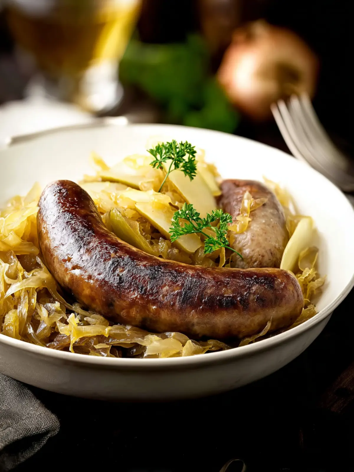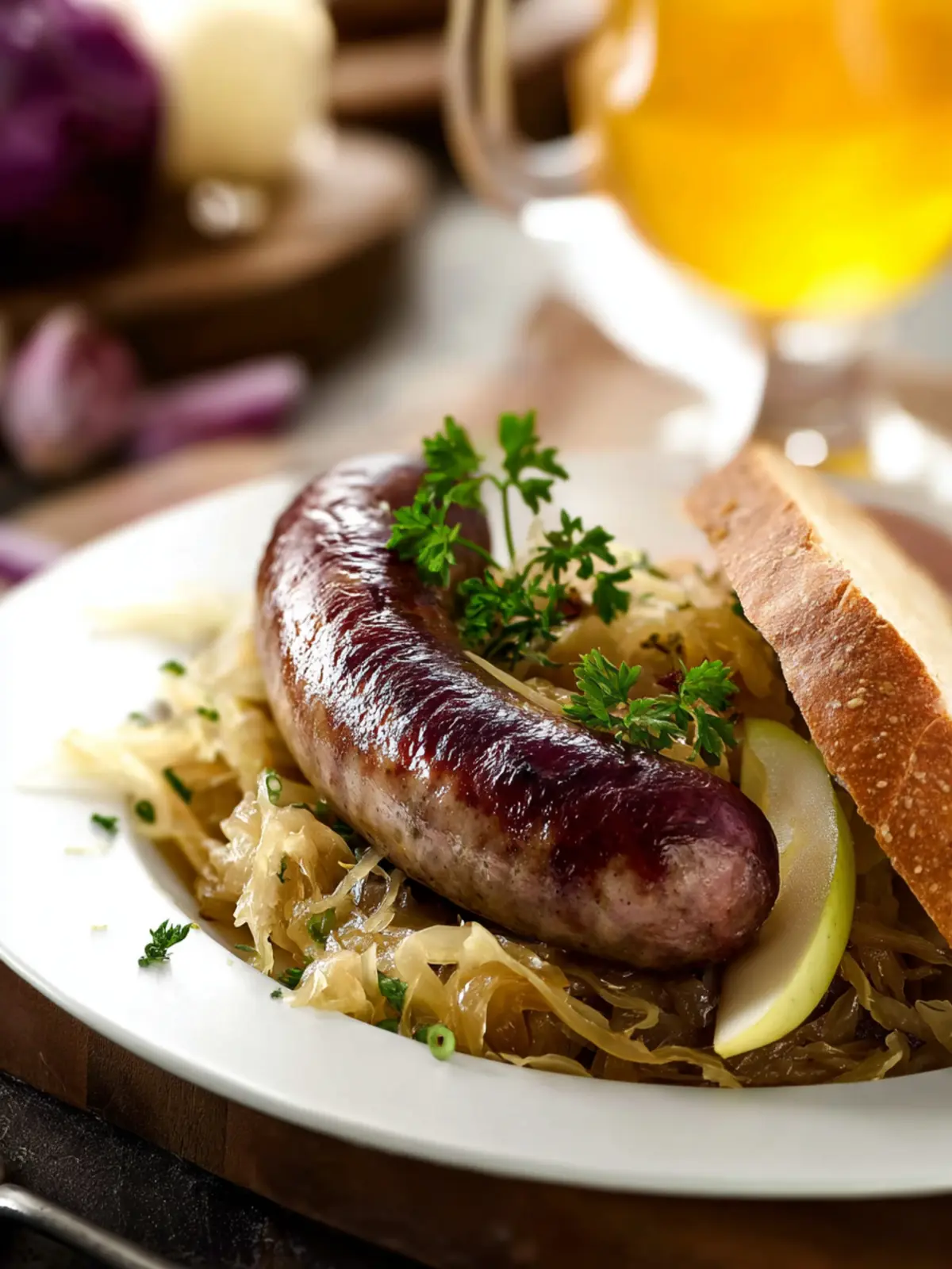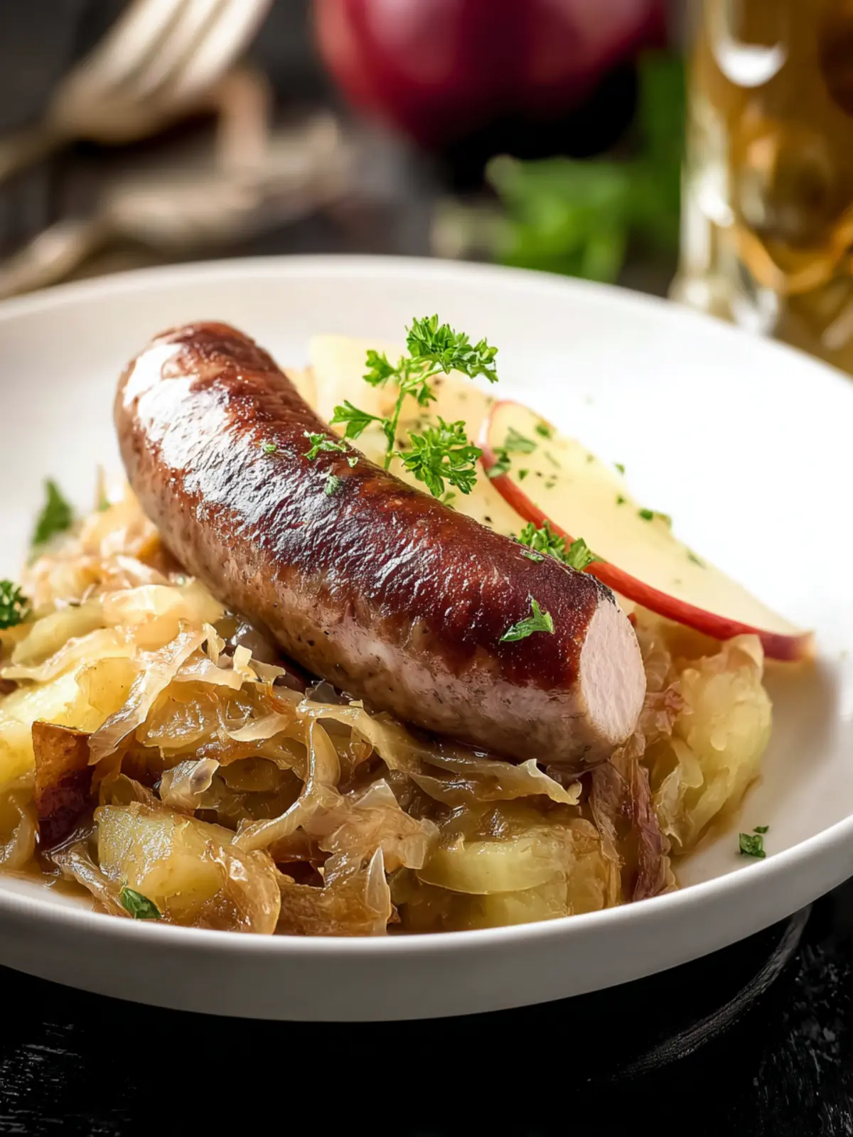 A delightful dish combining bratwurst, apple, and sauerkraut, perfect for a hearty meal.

==

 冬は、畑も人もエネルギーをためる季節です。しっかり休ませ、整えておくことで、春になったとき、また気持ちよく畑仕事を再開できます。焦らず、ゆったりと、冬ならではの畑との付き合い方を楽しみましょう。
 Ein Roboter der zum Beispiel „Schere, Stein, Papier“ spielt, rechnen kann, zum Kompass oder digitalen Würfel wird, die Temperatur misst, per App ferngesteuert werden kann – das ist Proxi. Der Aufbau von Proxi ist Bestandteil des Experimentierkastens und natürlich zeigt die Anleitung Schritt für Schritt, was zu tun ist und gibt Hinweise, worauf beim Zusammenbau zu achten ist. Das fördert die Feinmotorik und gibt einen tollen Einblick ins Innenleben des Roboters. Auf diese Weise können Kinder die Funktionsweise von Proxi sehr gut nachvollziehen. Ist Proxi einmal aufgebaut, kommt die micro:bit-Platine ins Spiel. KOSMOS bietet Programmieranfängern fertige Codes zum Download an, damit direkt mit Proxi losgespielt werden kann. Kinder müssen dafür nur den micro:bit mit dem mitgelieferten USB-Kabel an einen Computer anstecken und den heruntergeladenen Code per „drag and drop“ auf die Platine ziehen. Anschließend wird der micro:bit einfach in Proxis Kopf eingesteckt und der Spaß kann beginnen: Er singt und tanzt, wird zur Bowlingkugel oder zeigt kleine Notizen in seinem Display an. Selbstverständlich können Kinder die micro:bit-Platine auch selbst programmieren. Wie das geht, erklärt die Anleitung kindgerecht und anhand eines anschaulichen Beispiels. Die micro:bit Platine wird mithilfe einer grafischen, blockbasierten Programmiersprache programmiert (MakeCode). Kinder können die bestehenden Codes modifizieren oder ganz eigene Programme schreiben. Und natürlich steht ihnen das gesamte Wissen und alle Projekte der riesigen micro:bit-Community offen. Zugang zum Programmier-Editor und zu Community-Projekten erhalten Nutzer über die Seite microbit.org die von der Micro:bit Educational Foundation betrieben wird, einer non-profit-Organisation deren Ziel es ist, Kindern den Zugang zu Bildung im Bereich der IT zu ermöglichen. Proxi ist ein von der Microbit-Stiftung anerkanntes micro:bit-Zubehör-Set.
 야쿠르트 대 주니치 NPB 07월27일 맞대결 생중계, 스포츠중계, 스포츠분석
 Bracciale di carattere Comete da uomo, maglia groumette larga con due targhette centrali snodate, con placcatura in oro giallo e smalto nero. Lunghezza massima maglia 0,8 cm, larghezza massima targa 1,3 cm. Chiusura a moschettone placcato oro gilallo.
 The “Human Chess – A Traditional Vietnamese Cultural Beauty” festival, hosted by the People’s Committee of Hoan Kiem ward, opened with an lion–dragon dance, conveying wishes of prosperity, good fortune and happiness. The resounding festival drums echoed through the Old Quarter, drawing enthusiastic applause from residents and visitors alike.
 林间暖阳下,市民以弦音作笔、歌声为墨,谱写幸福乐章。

Your goal
Print exactly the lines above, between the one holding "야쿠르트 대 주니치 NPB 07월27일 맞대결 생중계, 스포츠중계, 스포츠분석" and the one holding "林间暖阳下,市民以弦音作笔、歌声为墨,谱写幸福乐章。", inclusive, and nothing besides.

Your solution
 야쿠르트 대 주니치 NPB 07월27일 맞대결 생중계, 스포츠중계, 스포츠분석
 Bracciale di carattere Comete da uomo, maglia groumette larga con due targhette centrali snodate, con placcatura in oro giallo e smalto nero. Lunghezza massima maglia 0,8 cm, larghezza massima targa 1,3 cm. Chiusura a moschettone placcato oro gilallo.
 The “Human Chess – A Traditional Vietnamese Cultural Beauty” festival, hosted by the People’s Committee of Hoan Kiem ward, opened with an lion–dragon dance, conveying wishes of prosperity, good fortune and happiness. The resounding festival drums echoed through the Old Quarter, drawing enthusiastic applause from residents and visitors alike.
 林间暖阳下,市民以弦音作笔、歌声为墨,谱写幸福乐章。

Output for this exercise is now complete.